Issue 1210680: Split email headers near a space (original) (raw)

Hello,

I recently used Python to automatically send messages to my gmail account. I was surprised to find out that some of the words in the subjects of messages were split by a space character which came from nowhere.

It turns out that the international (Hebrew) subject was split into multiple lines by the email package, sometimes in the middle of words. Gmail treats these line breaks as spaces, so words gets cut into two. I've checked, and there are email clients which ignore the line breaks, so the subject looks ok.

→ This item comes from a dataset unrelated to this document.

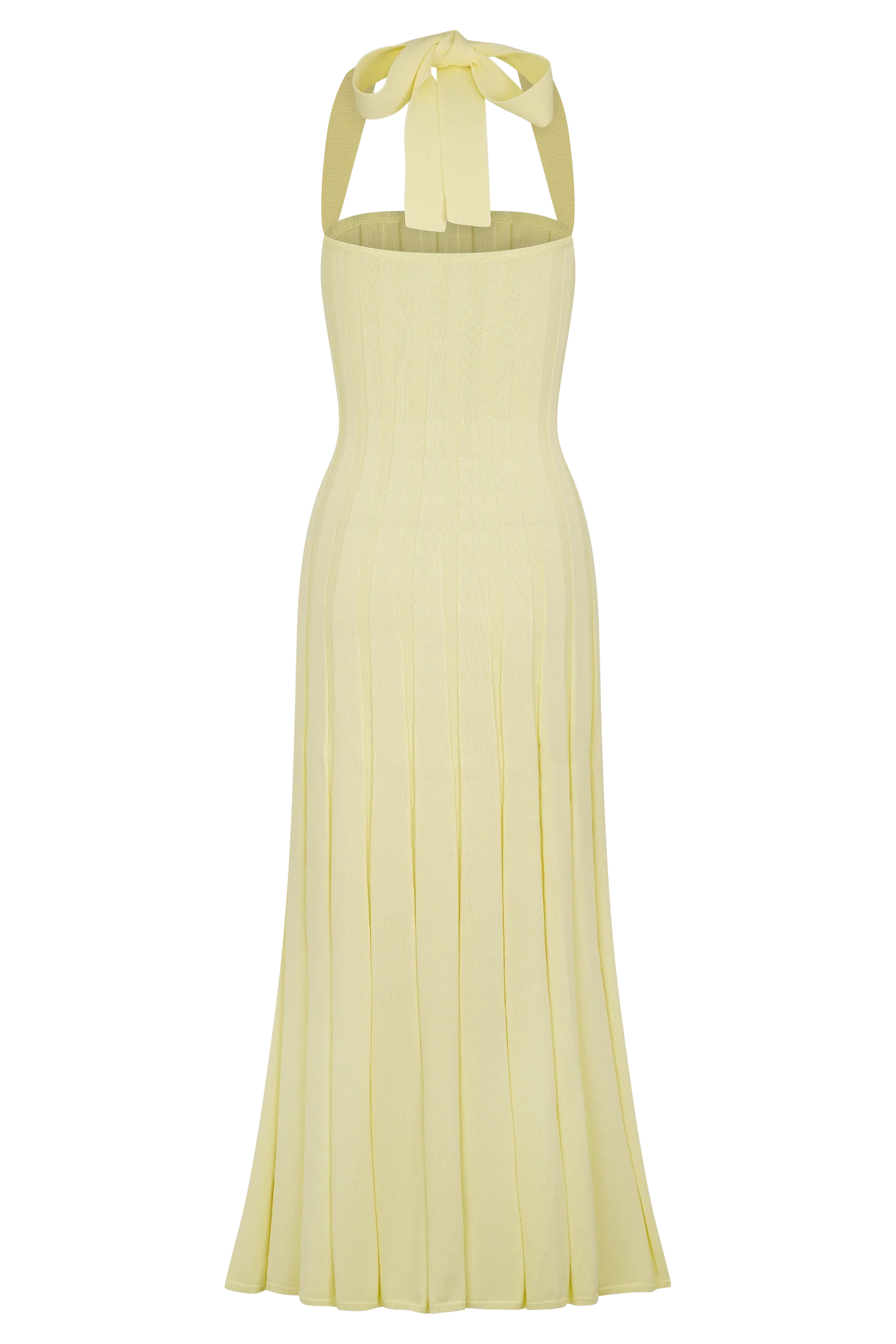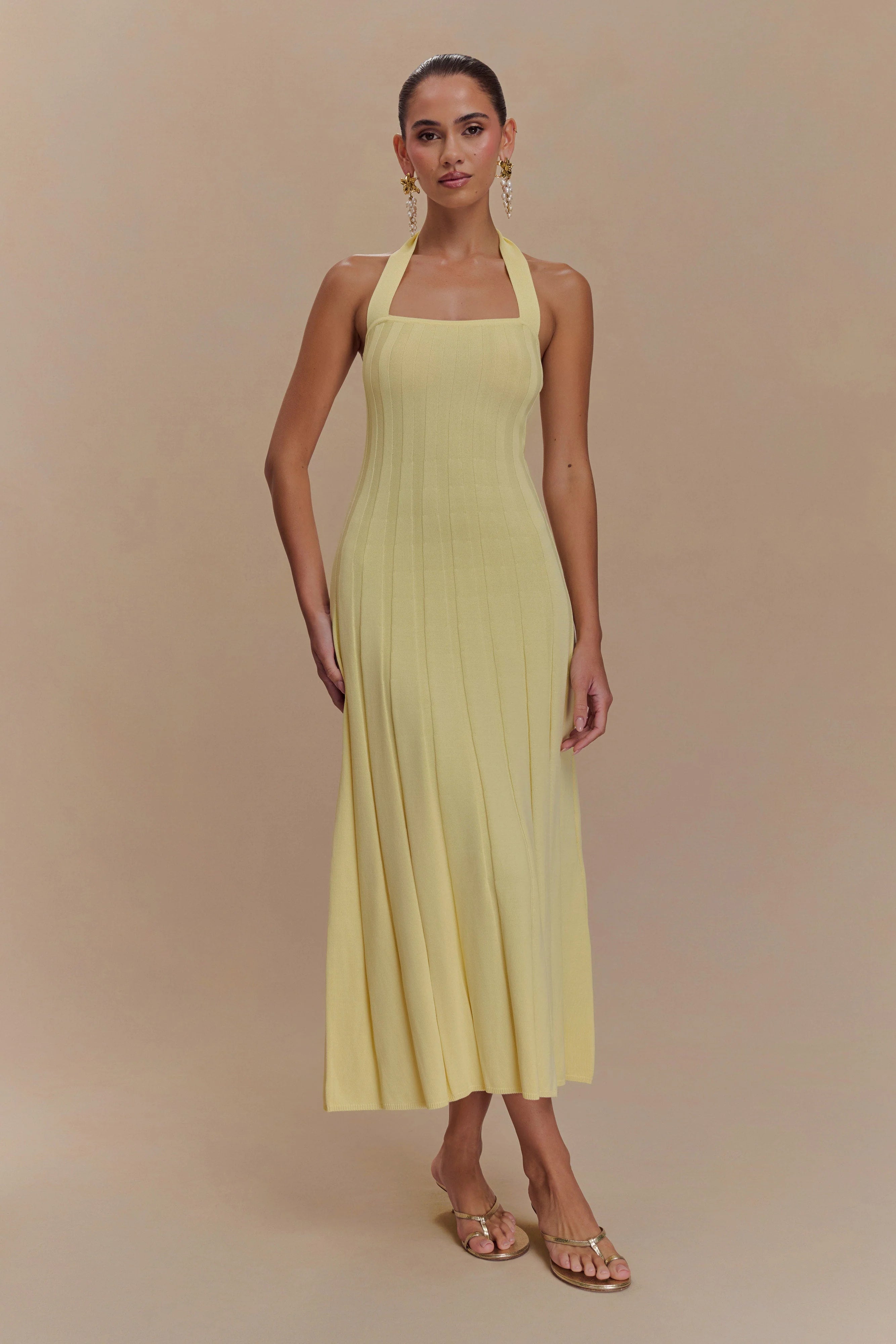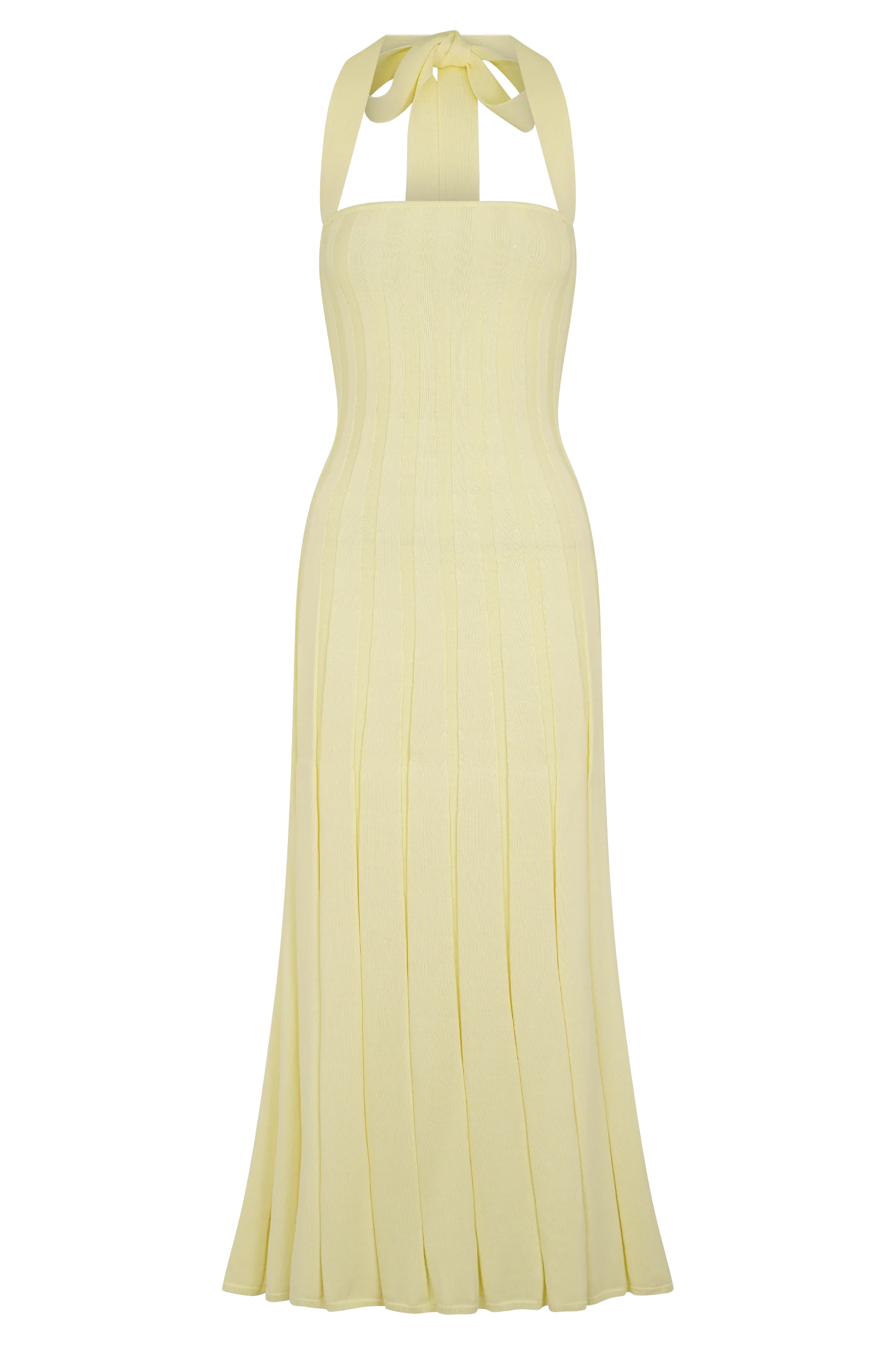 The JACQUI Halter Knit Midi Dress is a refined blend of modern simplicity and feminine charm. Designed with a sleek halter neckline, this dress beautifully elongates the silhouette while offering a timeless, sophisticated look. The ribbed knit fabric provides a figure-hugging fit, while the pleated hem detail adds movement and texture for an elevated finish. Unlined for a lightweight feel, this midi-length dress is perfect for both casual and dressy occasions.

I added four lines to the _binsplit function of email.Header, so that if there is a space character in the string, it will be splitted there. This fixes the problem, and subjects look fine again. These four lines (plus a comment which I wrote) are:

# Try to find a place in splittable[:i] which is

near a space, # and split there, so that clients which interpret the line break # as a separator won't insert a space in the middle of a word. if splittable[i:i+1] != ' ': spacepos = splittable.rfind(' ', 0, i) if spacepos != -1: i = spacepos + 1

These lines should be added before the last three lines of _binsplit. Sorry about not attaching a diff file - I currently don't have diff at hand.

Thank you, Noam Raphael

Yes, if there's a bug here and it can be fixed without a major behavior change then it could be backported.

I'm not clear on what the bug is, though, since there is no example given. If the Hebrew is encoded as encoded words, it can and will be split in the middle of words, but the RFC2047 reassembly process removes those spaces (ie: this may be/may have been a gmail bug).

Without a test case we can't be sure.